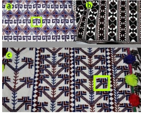
Fotoğraf 6. Göynek motifi örneği, a: koçboynuzu, b:kara yazma, c: kazayağı, Tokat-Zara (2015) (Photo 6. Samples of shirt motif names, a: koçboynuzu, b:kara yazma, c: kazayağı, Tokat-Zara (2015))

Elbise şeklinde dikilen göynek iki parçadır. Kol altından bele kadar genişliği vermek için, "yan" ya da "genişlik" adı verilen parça dikilir. Yaka "V" kesimlidir ve açıklığı göğüs altına kadar uzanır. Kolları bol ve bileğe kadar gelir. Yakaları işlenmiş olanları da vardır. Göynek desenleri çıtırık, akça, kilim, kara yazma, kurt izi, şekerpare, kazayağı, keser ağzı, koçboynuzu, uçkaya olarak sıralanabilir (Fotoğraf 5 ve Fotoğraf 6). Koçboynuzu isimli göynek deseninde bulunan motif, koçboynuzuna benzediği için bu ismi almıştır. Benzer bir yaklaşımla kazayağı isimli göynek deseninde bulunan motif, kazın ayağına benzemesi nedeniyle bu ismi almıştır (Fotoğraf 6 a ve fotoğraf 6 c). "Köy Alevileri, özellikle Tahtacı'lar üç parmakla gösterilen ve kazayağı dedikleri bir işaret yaparlar. Bu işaret Allah-Muhammed-Ali üçlemesini simgeler" (Alkan, 2005:37).
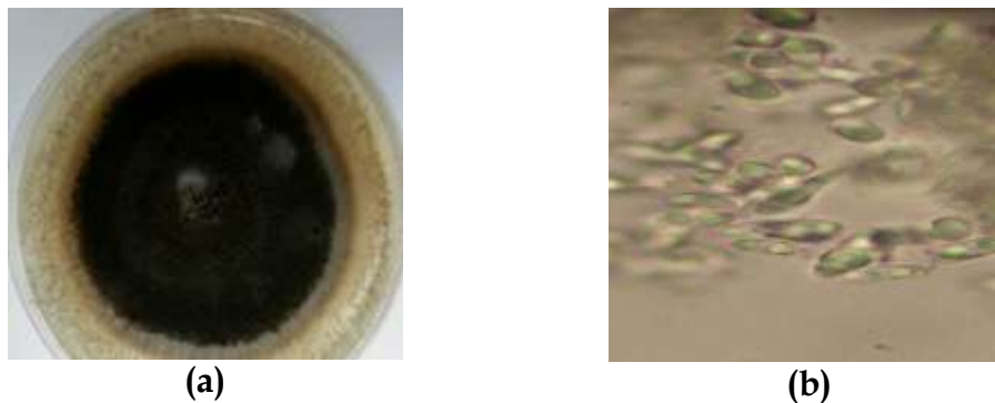
Gambar 5. (a) Makroskopis Cephalotrichum sp (b) Mikroskopis Cephalotrichum sp

Secara mikroskopis Cephalotrichum sp memiliki konidia yang berbentuk bulat dan berwarna hitam, hifa bersepta dan berwarna coklat, konidiofor berdinding tipis, vesikel berbentuk bulat dan berwarna coklat kehitaman. Cephalotrichum sp merupakan parasit lemah (menyerang tanaman yang sedang berada pada kondisi lemah) yang dikarenakan kekeringan dan kekurangan unsur hara. Jamur tanah Cephalotrichum sp dapat menginfeksi jaringan inang sebelum ada serangan jamur patogen lain dan dapat menimbulkan gejala seperti bercak pada tanaman (Juniawan, 2015).
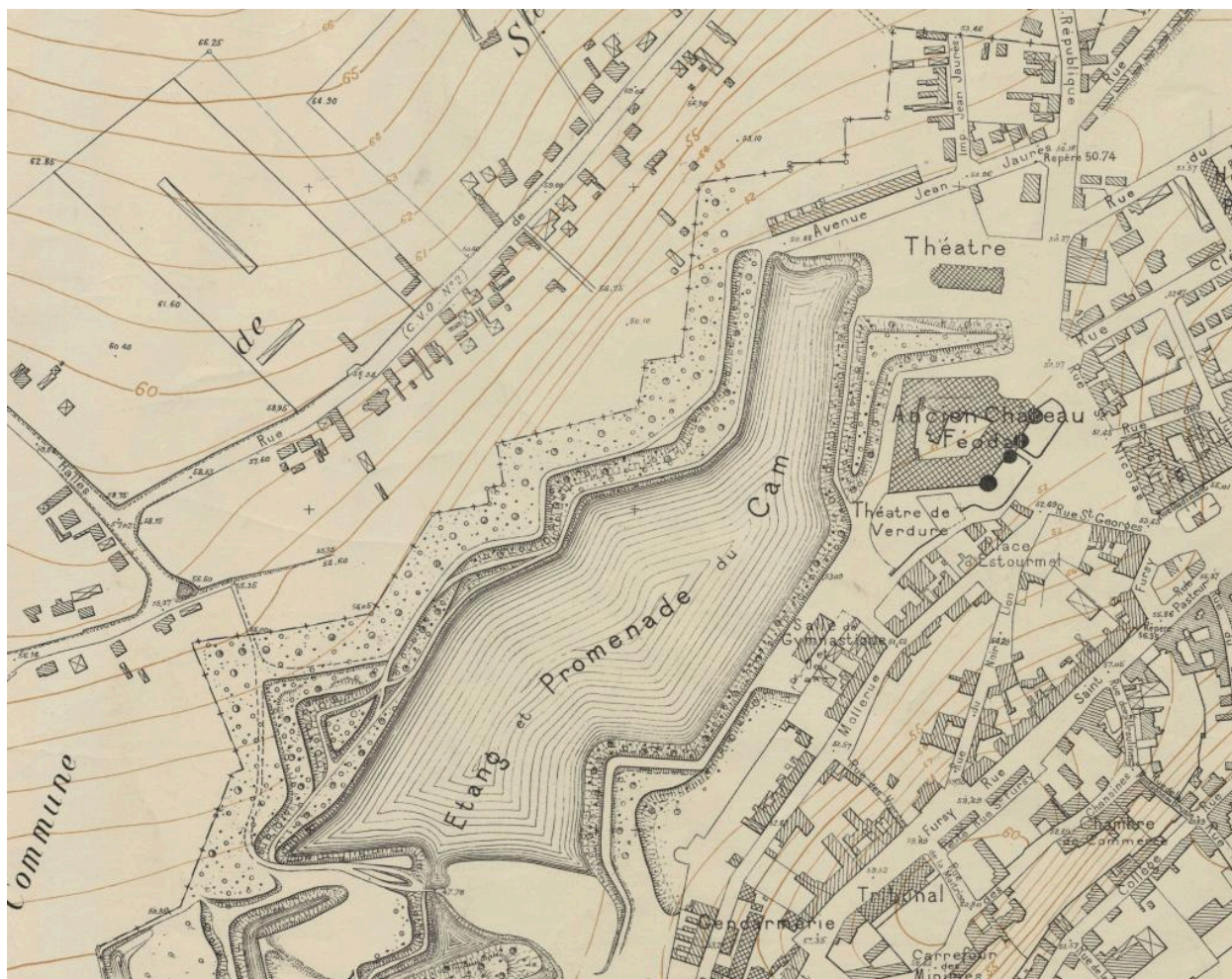
La promenade du Cam sur le plan de 1941 (AD Somme ; 70W_CP_80/1).
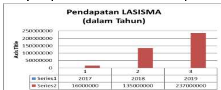
Tabel 10 Pendapatan produk LASISMA dari tahun 2017- Juli 2019

Adapun pendapatan BMT dari produk LASISMA mengalami peningkatan dari tahun ke tahun sebagai berikut:
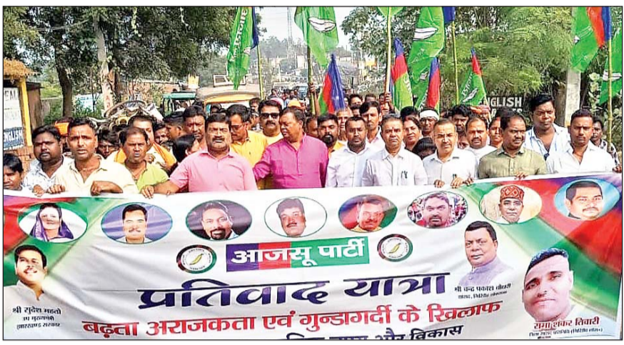
साथ लुटपाट हत्या की घटनाएं घट रही है। राज्य सरकार और जिला प्रशासन पूरी तरह फेल है। जिला प्रशासन के नेतृत्व में पूरे क्षेत्र में कोयले की लूट की जा रही है। इसमें जिला प्रशासन की

इस दौरान उन्होंने अपने संबोधन में कहा कि पूरे जिले में विधि व्यवस्था नाम का कोई चीज नहीं है, आये दिन व्यापारियों के
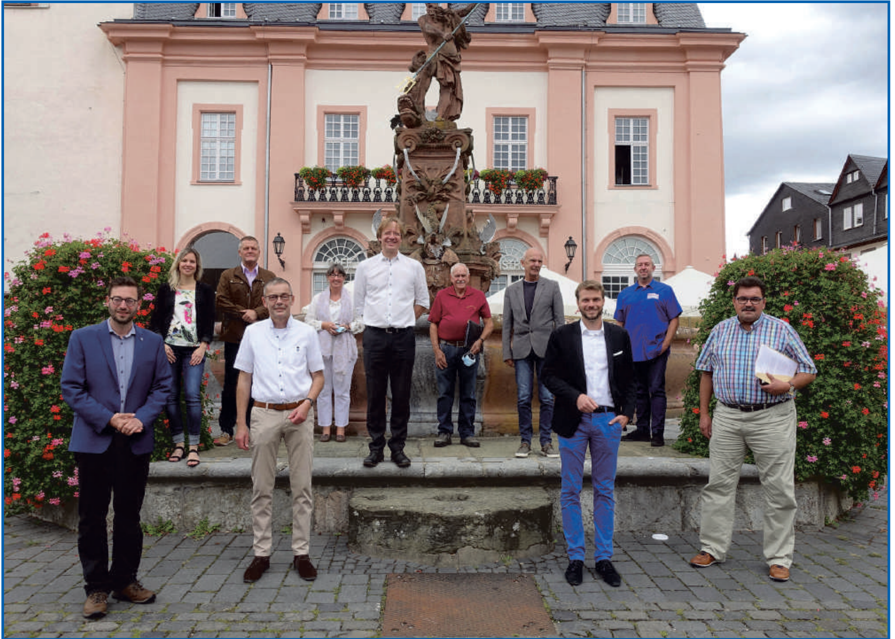
Tag des offenen Denkmals am 13. September
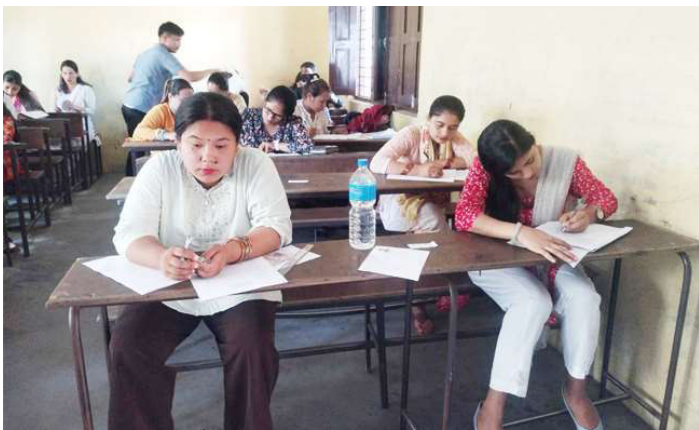
प्रारम्भिक बालविकास कक्षाको सहयोगी कार्यकर्ताका लागि परीक्षामा सहभागी परीक्षार्थीहरू ।
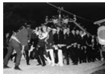
第4回ひがしかわ大写真展 町民一般部門
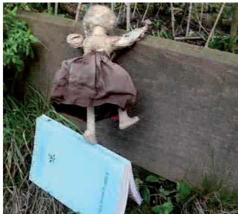
À quoi ça sert un livre ? © Johanne Huysman
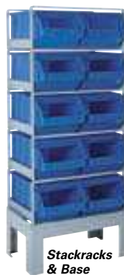
Stackracks & Base Stackrack

Photo montrant un double Stackrack, offert sur demande
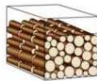
... et plus que 0,70m 3 si les bûches sont coupées en 0,33m
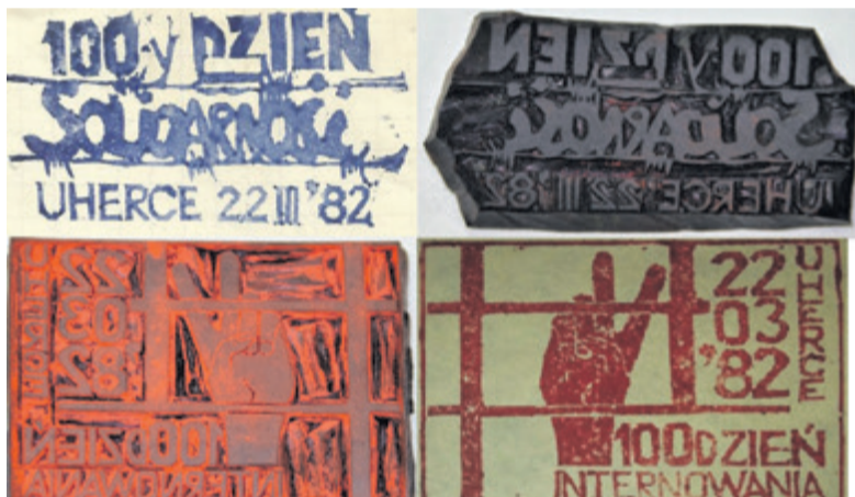
▲ Kolejny przykład upamiętnienia rocznicy 100 dni internowania. Pieczętka wykonał również Leszek Karcz
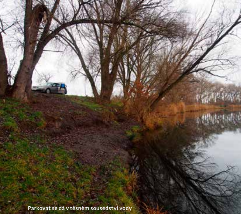
Parkovat se dá v těsném sousedství vody
━━━━━━━━━━━━━━━━━━━━
-- What you need to do --
Having found the line with "La promenade du" and the line with "Photo montrant un" in the material above, write out exactly those two and every line between, leaving the pictures out.

-- Answer for this exercise --
La promenade du Cam sur le plan de 1941 (AD Somme ; 70W_CP_80/1).
Tabel 10 Pendapatan produk LASISMA dari tahun 2017- Juli 2019

Adapun pendapatan BMT dari produk LASISMA mengalami peningkatan dari tahun ke tahun sebagai berikut:
साथ लुटपाट हत्या की घटनाएं घट रही है। राज्य सरकार और जिला प्रशासन पूरी तरह फेल है। जिला प्रशासन के नेतृत्व में पूरे क्षेत्र में कोयले की लूट की जा रही है। इसमें जिला प्रशासन की

इस दौरान उन्होंने अपने संबोधन में कहा कि पूरे जिले में विधि व्यवस्था नाम का कोई चीज नहीं है, आये दिन व्यापारियों के
Tag des offenen Denkmals am 13. September
प्रारम्भिक बालविकास कक्षाको सहयोगी कार्यकर्ताका लागि परीक्षामा सहभागी परीक्षार्थीहरू ।
第4回ひがしかわ大写真展 町民一般部門
À quoi ça sert un livre ? © Johanne Huysman
Stackracks & Base Stackrack

Photo montrant un double Stackrack, offert sur demande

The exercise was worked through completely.